— Provided entries —
↓

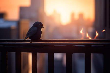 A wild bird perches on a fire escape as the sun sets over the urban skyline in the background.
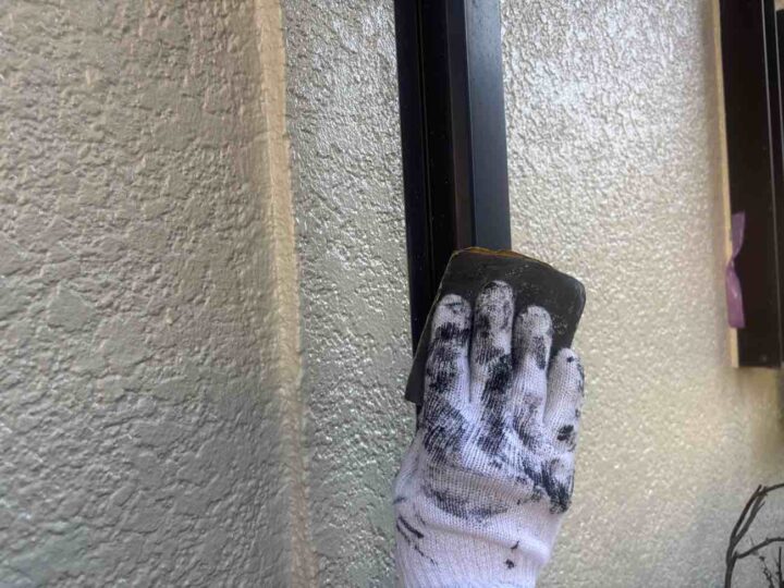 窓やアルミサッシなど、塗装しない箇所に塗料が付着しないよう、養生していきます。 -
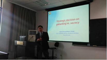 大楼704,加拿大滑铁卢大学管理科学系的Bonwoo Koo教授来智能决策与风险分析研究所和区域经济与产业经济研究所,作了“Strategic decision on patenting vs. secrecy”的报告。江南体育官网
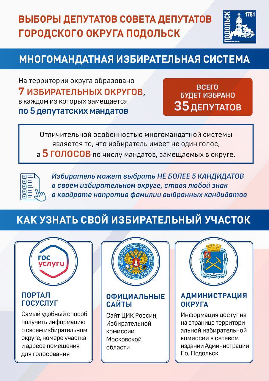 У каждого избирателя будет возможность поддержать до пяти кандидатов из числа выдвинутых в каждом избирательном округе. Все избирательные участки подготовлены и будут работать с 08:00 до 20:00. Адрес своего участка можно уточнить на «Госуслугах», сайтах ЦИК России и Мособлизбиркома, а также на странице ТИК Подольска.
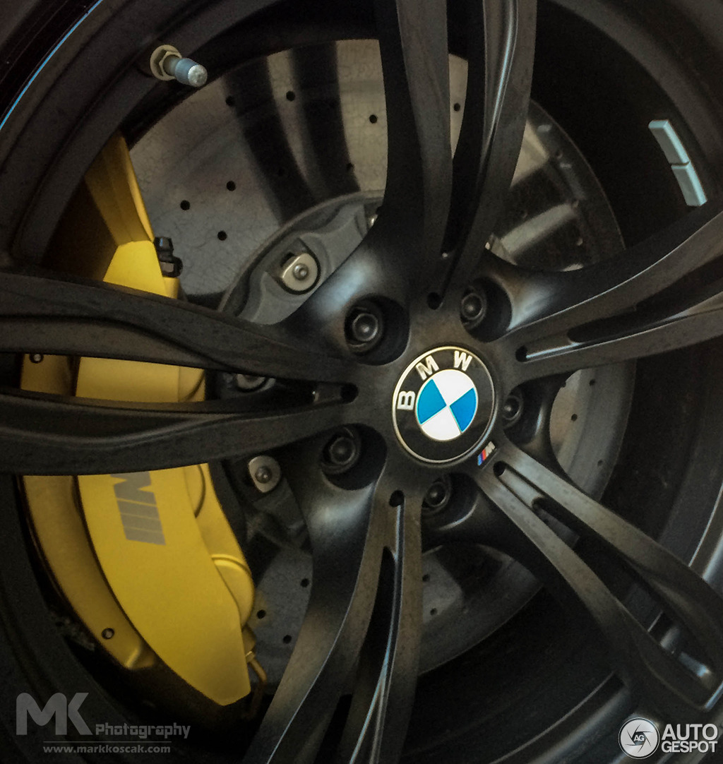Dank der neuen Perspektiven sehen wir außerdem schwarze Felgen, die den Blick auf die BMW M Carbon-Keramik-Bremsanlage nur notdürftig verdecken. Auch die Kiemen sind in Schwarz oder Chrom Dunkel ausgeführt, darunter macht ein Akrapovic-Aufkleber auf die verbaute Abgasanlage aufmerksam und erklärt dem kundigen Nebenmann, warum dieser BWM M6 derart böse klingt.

↑
↓

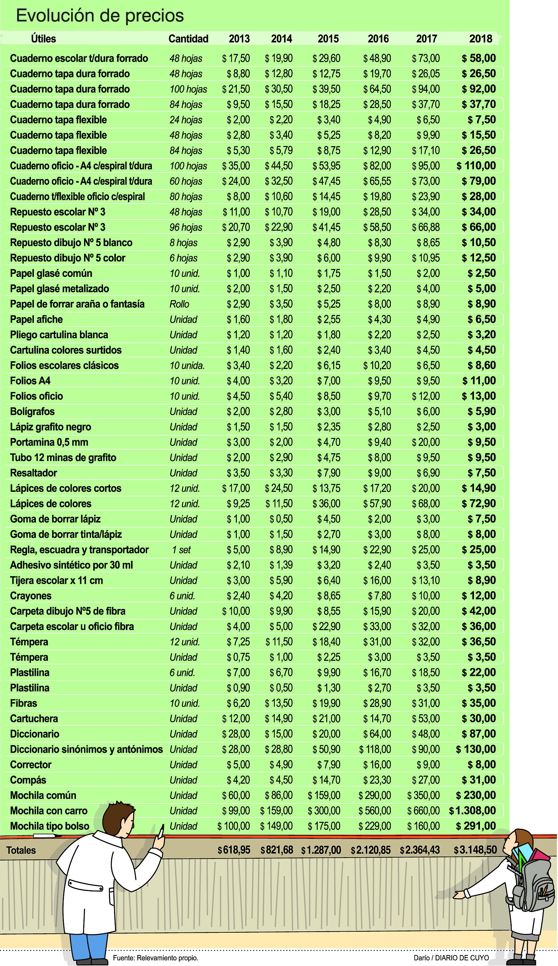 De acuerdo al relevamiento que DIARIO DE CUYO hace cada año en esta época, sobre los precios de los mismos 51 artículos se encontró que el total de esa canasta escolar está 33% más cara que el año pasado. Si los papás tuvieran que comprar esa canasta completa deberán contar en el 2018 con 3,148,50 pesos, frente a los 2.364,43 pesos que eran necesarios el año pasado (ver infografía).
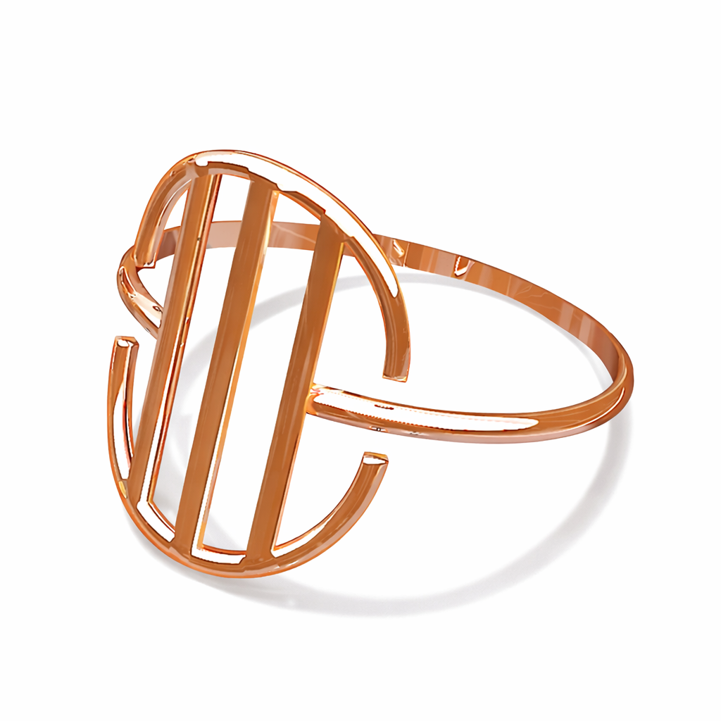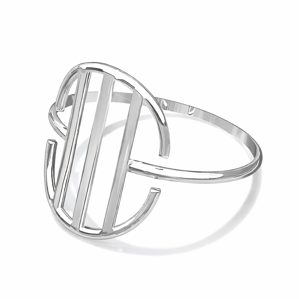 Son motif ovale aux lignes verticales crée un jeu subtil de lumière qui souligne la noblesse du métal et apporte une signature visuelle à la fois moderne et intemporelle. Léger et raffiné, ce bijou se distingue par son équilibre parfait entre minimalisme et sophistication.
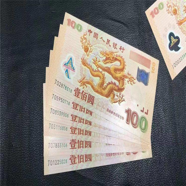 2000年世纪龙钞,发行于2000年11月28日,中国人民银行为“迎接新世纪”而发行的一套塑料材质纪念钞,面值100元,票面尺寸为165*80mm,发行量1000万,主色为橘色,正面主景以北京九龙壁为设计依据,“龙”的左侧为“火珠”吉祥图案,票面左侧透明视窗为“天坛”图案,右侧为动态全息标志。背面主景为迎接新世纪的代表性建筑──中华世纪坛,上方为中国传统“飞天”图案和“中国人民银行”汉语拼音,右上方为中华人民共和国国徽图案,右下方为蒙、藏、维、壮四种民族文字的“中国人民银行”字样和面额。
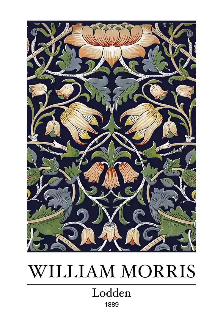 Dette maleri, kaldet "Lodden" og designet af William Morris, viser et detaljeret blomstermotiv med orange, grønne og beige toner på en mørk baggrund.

↑
↓

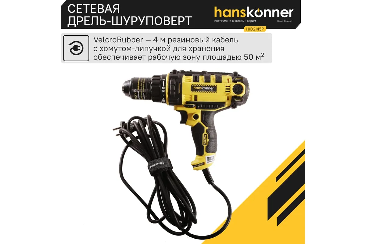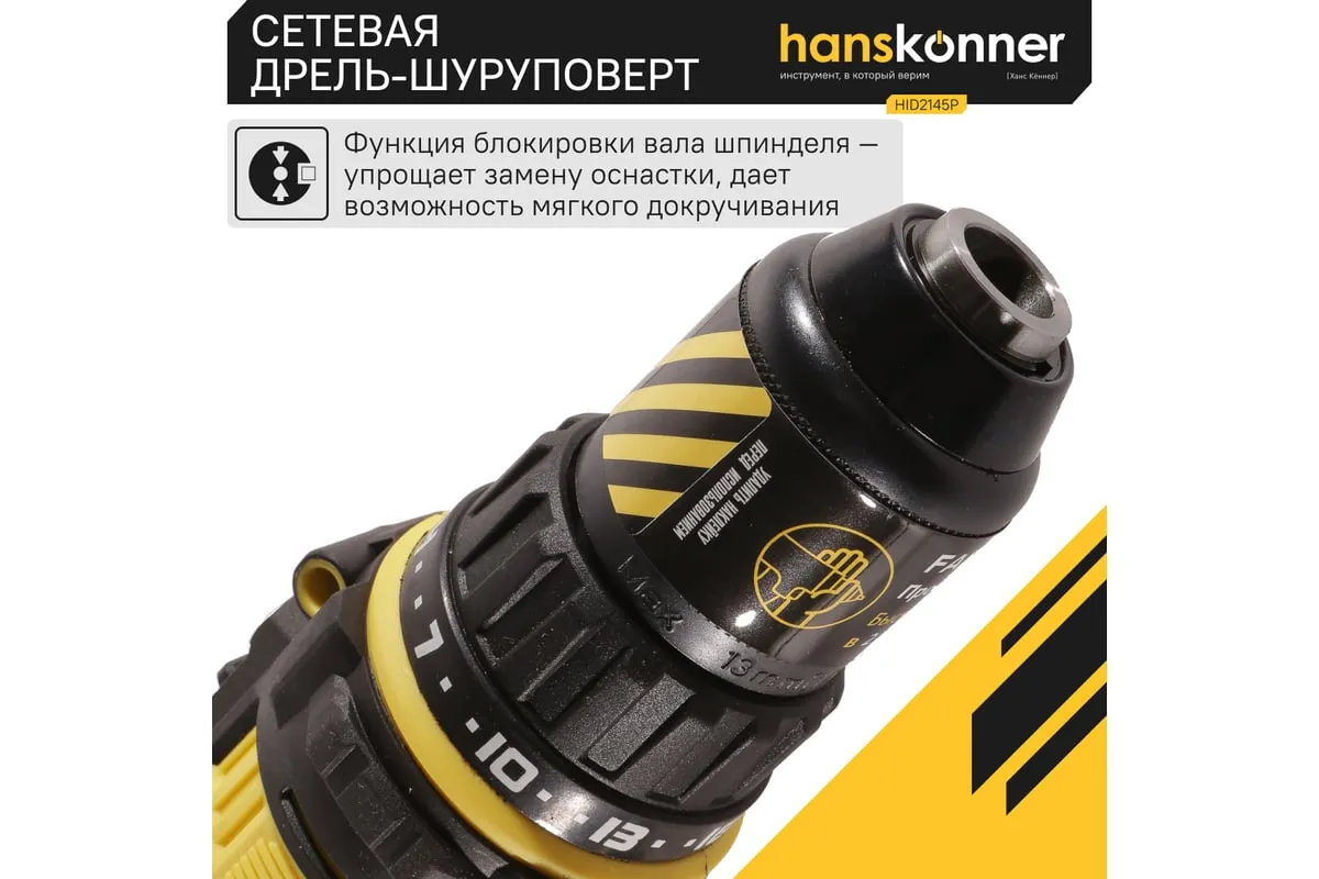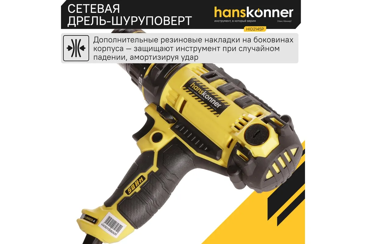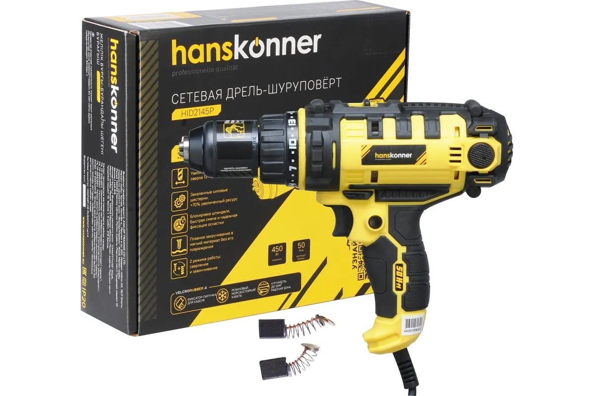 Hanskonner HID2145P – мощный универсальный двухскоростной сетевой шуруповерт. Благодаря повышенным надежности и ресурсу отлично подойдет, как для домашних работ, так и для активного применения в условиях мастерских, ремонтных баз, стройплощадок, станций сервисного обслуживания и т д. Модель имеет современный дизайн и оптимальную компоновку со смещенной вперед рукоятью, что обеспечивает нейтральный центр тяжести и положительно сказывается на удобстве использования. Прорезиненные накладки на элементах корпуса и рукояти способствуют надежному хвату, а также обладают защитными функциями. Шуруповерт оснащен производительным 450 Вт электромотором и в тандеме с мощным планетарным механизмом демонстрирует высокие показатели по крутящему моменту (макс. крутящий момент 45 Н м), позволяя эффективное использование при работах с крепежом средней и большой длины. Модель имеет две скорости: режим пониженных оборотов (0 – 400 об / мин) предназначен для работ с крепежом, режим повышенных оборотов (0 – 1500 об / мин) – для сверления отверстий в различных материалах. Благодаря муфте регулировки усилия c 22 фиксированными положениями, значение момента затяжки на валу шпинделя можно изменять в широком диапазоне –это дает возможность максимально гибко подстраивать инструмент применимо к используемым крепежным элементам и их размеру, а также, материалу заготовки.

↑

— Action item —
Using the listing above, restate exactly the range between the lines holding "A wild bird" and "decision on patenting", inclusive, with pictures left out.

— Result below —
 A wild bird perches on a fire escape as the sun sets over the urban skyline in the background.
 窓やアルミサッシなど、塗装しない箇所に塗料が付着しないよう、養生していきます。 -
 大楼704,加拿大滑铁卢大学管理科学系的Bonwoo Koo教授来智能决策与风险分析研究所和区域经济与产业经济研究所,作了“Strategic decision on patenting vs. secrecy”的报告。江南体育官网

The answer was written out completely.